Play #8: Isaiah Crowell gets his first carry of the game, traveling 4 yards. You can consider this a bad play, because it travels almost nowhere and the Browns are down 17-0.

But if you give up on the run, you’ve taken both West and Benjamin out of the game– early in the second quarter– and the Bengals can just go all out on Johnny Football

Also, it’s the 8-yard line. Whaddya wanna do– a double-reverese?

Play #9: Johnny Football tries to hit Puff Gordon. It’s not a well-thrown pass; he doesn’t run very well. But they scare the daylights out of corner Leon Hall, who gets called at the 18 for illegal use of hands. First down.

Play 10: Crowell runs again, for two yards.

But before you get all freaky, the ball is on the 18-yard line. Most teams call their safest plays inside their own 20. And they wouldn’t be inside their 20 if Benjamin hadn’t tried to run the ball out of the end zone and failed to reach the 20.

Play 11: On 2nd & 8 from the 20-yard line, Johnny Football throws his first pick– a miserable toss to Hawkins that violates every rule in the book:

  • It’s thrown off his back foot, making it hard for him to throw it hard.
  • It’s thrown across his body, weakening it even more.
  • It travels all the way across the field, giving the defense time to react.

You can argue that Hawkins should have done more to fight for the ball– he is just standing there. But the replay suggests that he was frozen by incredulity– that he couldn’t believe his quarterback would try to make that throw.

Dre Kirkpatrick intercepts it and returns it only 2 yards.


Drive #7 (Bengals): The Cleveland defense finally stiffens, but the ball is far too close to the goal line to prevent points. The Bengals gain 7 yards in three plays and kick a field goal to go up 20-0, with 10:24 left in the second quarter.


And that’s the end of the game. A rookie quarterback making his first NFL start doesn’t bring a team back from a three-touchdown hole. Not against a playoff team that blew a big lead the week before.

The following 40 minutes mean nothing. They just give us a a chance to evaluate Johnny Football, in less-than ideal conditions.

He does not do well, but there is nothing he can do.

I didn’t expect you to defend everyone.

I’m not defending him. It was a terrible performance. But it’s not as bad as Brandon Weeden’s first start, where he posted a memorable 5.1 rating, going 12-35 for 118 yards and 4 INTs.

Brady Quinn had a good first game (104.3 rating), but his next game was 55.3 and the next one was 21.3.

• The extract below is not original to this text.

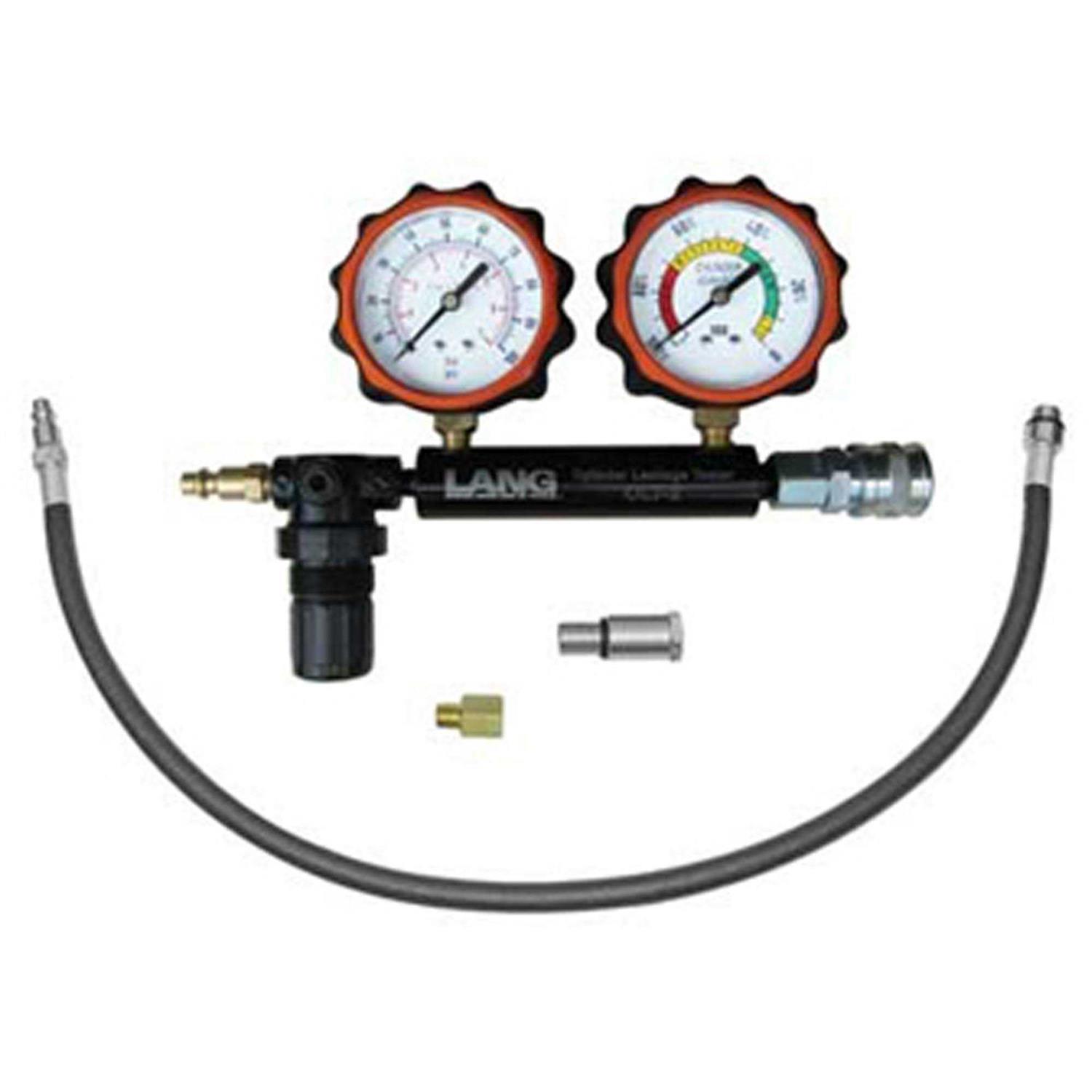 Zeros in on the exact problem if there is poor engine performance. Pinpoints bad valves worn rings cracked cylinder walls and blown head gaskets. Features a precision regulator with a combination M14 and M18 adapter on 26 hose assembly and has dual easy-to-read gauges which allows the mechanic to monitor input air-line pressure.

Tim Couch was far and away the best, given the amount of talent he had to work with. But his rating for the year was 73.9, with 15 TDs and 13 INTs.

I’m just not saying “OMG– Worst QB EVER!!!!! Turk him not– fire Ray Farmer and Mike Pettine!!!! SQUEEEEE!!!!”

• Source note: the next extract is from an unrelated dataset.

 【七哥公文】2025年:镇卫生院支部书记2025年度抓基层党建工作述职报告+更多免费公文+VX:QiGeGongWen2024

He’s a rookie. Because he played only two years of college ball, he’s only 22. He was playing a good opponent. All of these things are reasons why I said there was a 70% chance the Browns would lose– and a 35% chance they’d get stomped, with errors by Johnny Football resulting in 10 points. He cost them only 3.

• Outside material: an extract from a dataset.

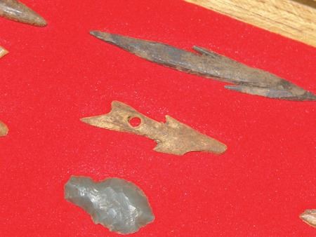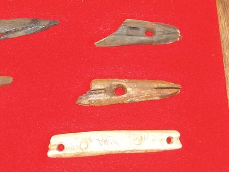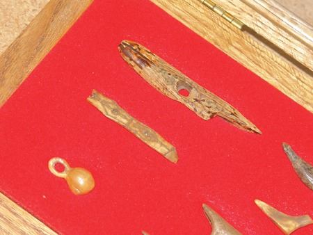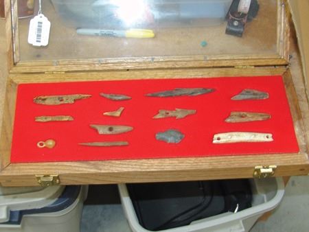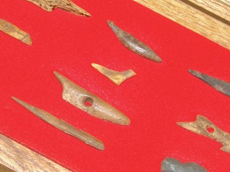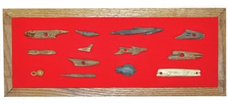Prehistoric, Wonderful display of old hand carved bone relics, mostly harpoon tips and small tools. In professional display. Various conditions. Largest 4-1/2" (12" x 8" case)

Shouldn’t they have tried to adapt the offense to him?

Exactly what did you want them to do? Not run the ball with West and Crowell (four of the 11 plays)? Not throw to Hawkins (3 plays), Gordon (1) or Cameron (1)? He ran the ball twice on 11 plays, and threw 5 passes.

Also, this is a no-win situation. Had Johnny Football run all sorts of fancy plays and screwed it up, people would have said “What was Kyle Shanahan thinking? How can you put all the responsibility for the win on teh 22-year-old making his first start? Why not run more? Why not use Puff Gordon and Poke Cameron– the two Pro Bowl receivers– to stretch the field?”

There was no way the Browns could lose, and not to get second-guessed about the quarterback.Even in a game where the defense gave up points on the first four possessions– and the kicking teams gave the Bengals’ offense extra yards and let their own offense start inside the 20 two out of three times– they still got fragged.

I’m willing to cut the kid one mulligan. Everyone should be.

What happens if he does this again?

If he makes the same mistakes again, that’s when you go into Merrill Hoge-Bernie Kosar mode. Then it’s a problem.

But I’d like to see that happen before I assume it.